Large-Scale Silicon Nanowire Arrays on 6‑inch Mono‑ and Multi‑Crystalline Solar Cells via Enhanced Metal‑Assisted Chemical Etching

Introduction

Silicon nanostructures offer superior light‑trapping and anti‑reflection compared to planar silicon, enabling higher solar‑cell efficiencies without expensive antireflective coatings. Metal‑assisted chemical etching (MacEtch) provides a cost‑effective, room‑temperature route to fabricate such nanostructures, yet uniform large‑area production has been limited. This study addresses that gap by refining MacEtch for 6‑inch wafers and validating the resulting SiNW arrays in industrial‑scale Al‑BSF solar cells.

Experimental Methods

MacEtch Mechanism

In an AgNO₃/HF solution, Ag⁺ oxidizes Si to SiO₂, while reduced Ag deposits on the surface. HF removes the oxide, leaving Ag‑protected regions etched anisotropically to form SiNWs. The process is highly controllable through oxidant concentration and metal deposition pattern.
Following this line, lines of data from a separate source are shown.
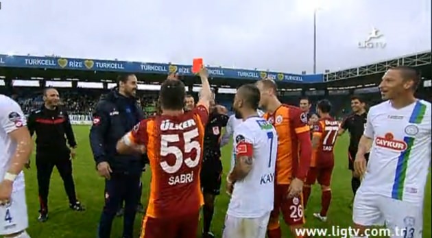 Galatasaray'ın tartışılan kaptanı Sabri Sarıoğlu Rizespor maçından sonra hakem Mustafa Kamil Abitoğlu'na kırmızı kart göstermişti. Ancak bu maç Abitoğlu'nun veda maçıydı ve Sabri, Abitoğlu'nun yeşil sahalardan tamamen atmıştı. İşin şakası bir yana yeşil sahalarda hakemin elinden kartı alıp ona gösteren futbolcular sadece Salih Dursun'la sınırlı değil...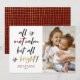 All is not calm but all is bright! This funny Christmas card is sure to get a smile out of family and friends this holiday season. This design features hand-lettered brush script calligraphy with "not" in a festive red color and "bright" in faux gold. Below, there is your custom greeting, family name, and year. To the right, there is your funny photo! Cards reverse to the same burgundy color with a hand-drawn gold lines pattern. Click on "Personalize" to change the text and upload your photo. Visit our store for more designs. Feel free to contact me with any questions!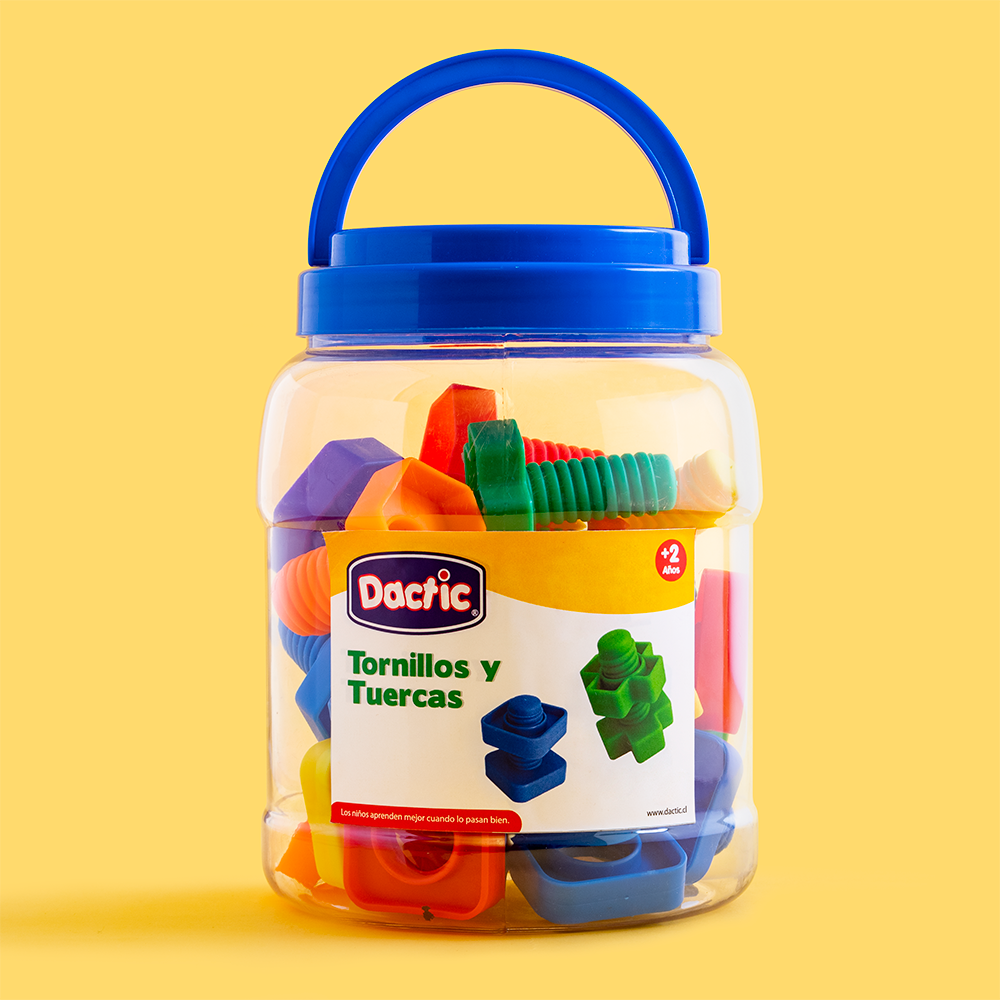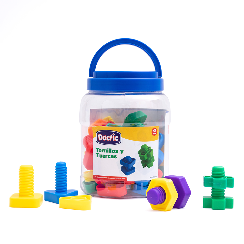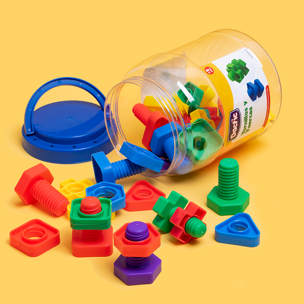 El uso de este material permitirá desarrollar la coordinación motriz mediante el atornillado, fomentar la capacidad creativa y el reconocimiento de formas y colores.

SiNW Fabrication on 6‑inch Wafers

Monocrystalline (100) and multi‑crystalline p‑type wafers (180 µm thick, 0.5–3 Ω·cm) were cleaned, then immersed in 23 mM AgNO₃/6.4 M HF for 3 min 19 s at room temperature. Two etching protocols were compared: (1) traditional single‑batch immersion, and (2) a modified holder‑based method that ensures simultaneous exposure of the entire wafer to the etchant, yielding uniform SiNWs.
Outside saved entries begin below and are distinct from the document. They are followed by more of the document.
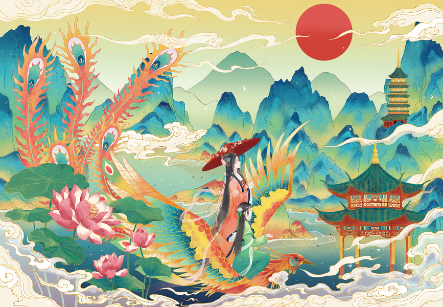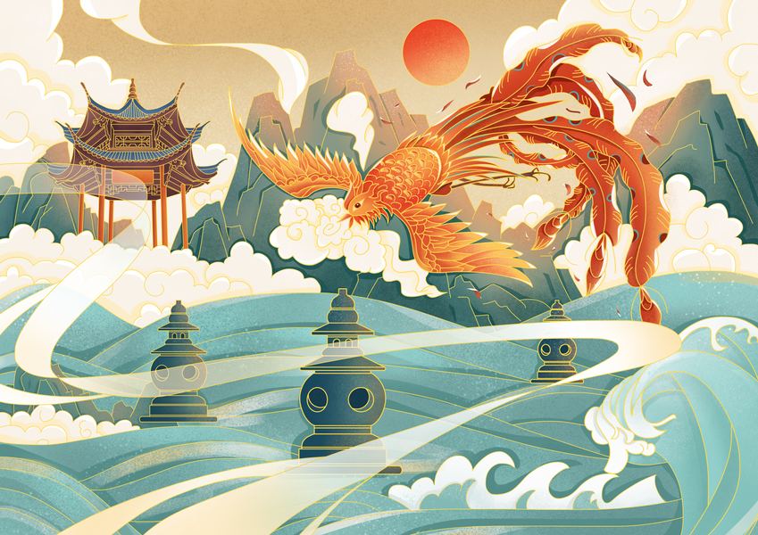 国潮插画-凤舞江南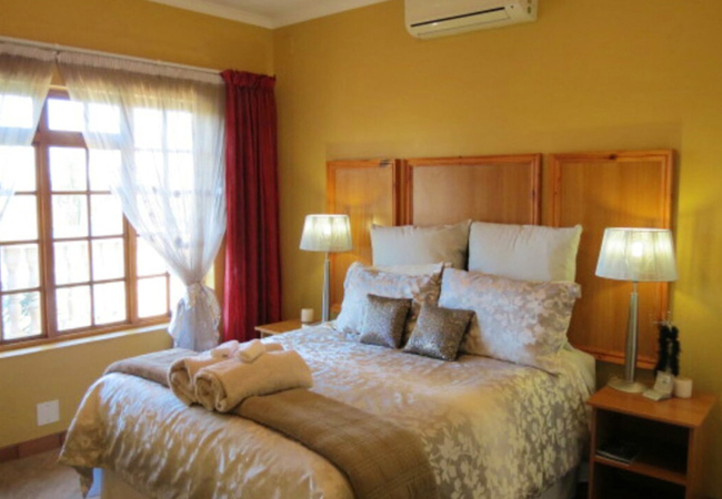 This is a three bedroom self-catering apartment with a balcony, with a queen size bed, a double bed and a three-quarter bed. It is completely furnished with basic kitchen facilities, lounge / TV room, flat-screen TV, DSTV, full bathroom with bath and shower.
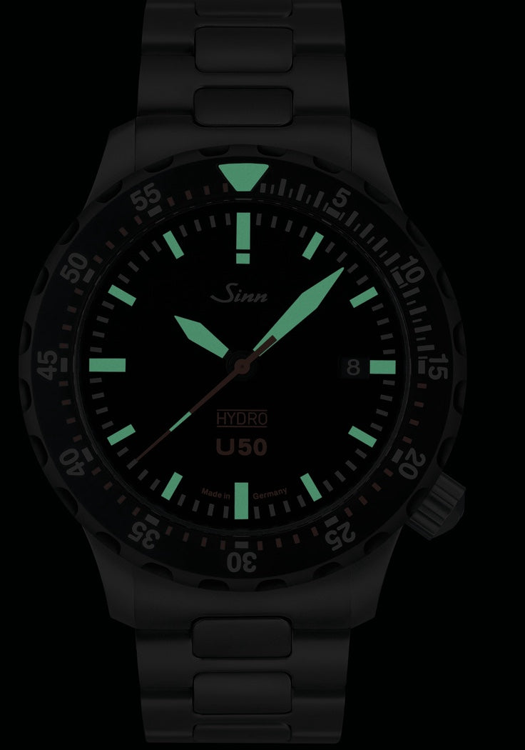 Sinn Watch U50 Hydro SDR H-Link Bracelet 1051.040 H-Link Bracelet. When impressive functionality, perfect readability and technological innovation come together, the result is versatile and robust timepieces such as the watches in the U50 HYDRO series, all of which have a comfortable diameter size of 41mm.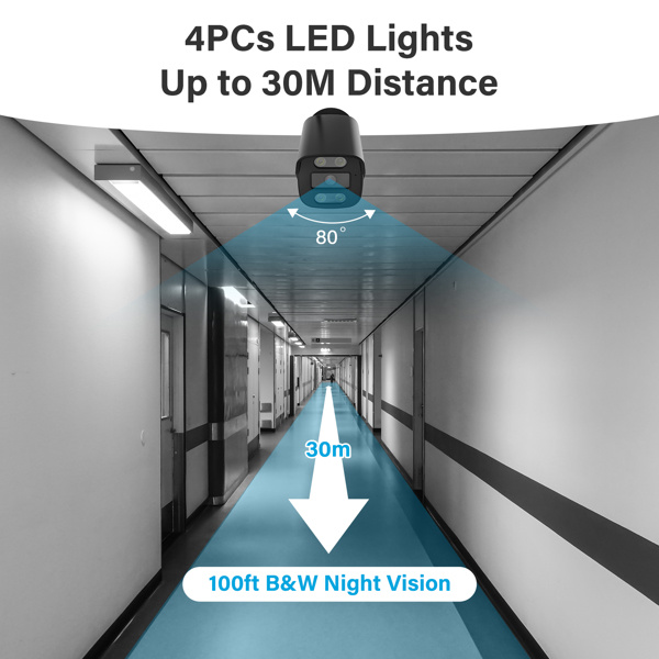 This 4K IP camera support 8MP 15fps/5MP 25fps etc a 65-100ft long-distance infrared night vision range, captures crystal clearer and sharper images and video, which is great for driveway, hallways, etc.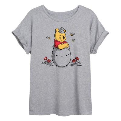 Winnie the Pooh - Pooh In Honey Pot With Bees - Women's Short Sleeve Graphic T-Shirt - Step into the Hundred Acre Wood with Winnie the Pooh graphic apparel—featuring Pooh, Tigger, Eeyore, and Piglet in cozy, nostalgic styles for all ages.

Al‑BSF Solar‑Cell Fabrication

After SiNW texturing, wafers underwent POCl₃ diffusion (850 °C, 30 min) to form an N⁺ emitter (sheet resistance ≈75 Ω/□), followed by HF etch to remove PSG. A 70 nm SiNx:H anti‑reflection layer was deposited by PECVD, and standard Ag‑paste (front) and Al‑paste (back) screen printing was performed. Two device sets—SiNW‑textured and acid‑textured references—were fabricated and tested under AM 1.5G illumination.

Results and Discussion

Uniform SiNW Arrays on 6‑inch Wafers

Method 2 produced SiNW arrays with excellent uniformity: SEM cross‑sections show 470 nm length and high density across the wafer. Method 1 exhibited pronounced edge‑to‑center non‑uniformity due to differential Ag⁺ concentration during immersion.

Surface Morphology

Figures (omitted) illustrate the transition from pyramid or as‑cut surfaces to dense SiNW arrays. Multi‑crystalline wafers reveal orientation‑dependent SiNW growth (<100>, <110>, <111>), affecting optical coloration and reflectance.

Optical Reflectance

Measured reflectance of mono‑crystalline SiNW wafers remains <6 % across 400–1000 nm, with a minimum of 3 % at 500 nm. Reflectance variation across the wafer is <22 %. Multi‑crystalline wafers exhibit <10 % reflectance (minimum 4 % at 400 nm). Uniformity is preserved between 1.5 × 1.5 cm and 6‑inch substrates (difference <1 %).

Minority Carrier Lifetime

Effective minority carrier lifetime decreases from 2.55 µs to 2.11 µs (mono‑crystalline) and from 1.51 µs to 1.37 µs (multi‑crystalline) after SiNW formation, attributable to increased surface recombination velocity (S_eff). Despite this, device performance improves due to reduced reflectance.

Device Performance

SiNW‑textured Al‑BSF cells deliver an average efficiency of 17.83 % versus 17.23 % for acid‑textured controls—a 0.6 % absolute gain. Short‑circuit current density increases by 1.2 %, open‑circuit voltage by 1.35 %, and fill factor improves, likely due to enhanced light trapping and larger electrode contact area.

Conclusions

The enhanced MacEtch process reliably produces uniform, low‑reflectance SiNW arrays on 6‑inch mono‑ and multi‑crystalline wafers. The resulting Al‑BSF cells achieve >17.8 % efficiency, confirming the technique’s commercial viability. Its low cost, simplicity, and scalability position it as a strong candidate for next‑generation photovoltaic manufacturing.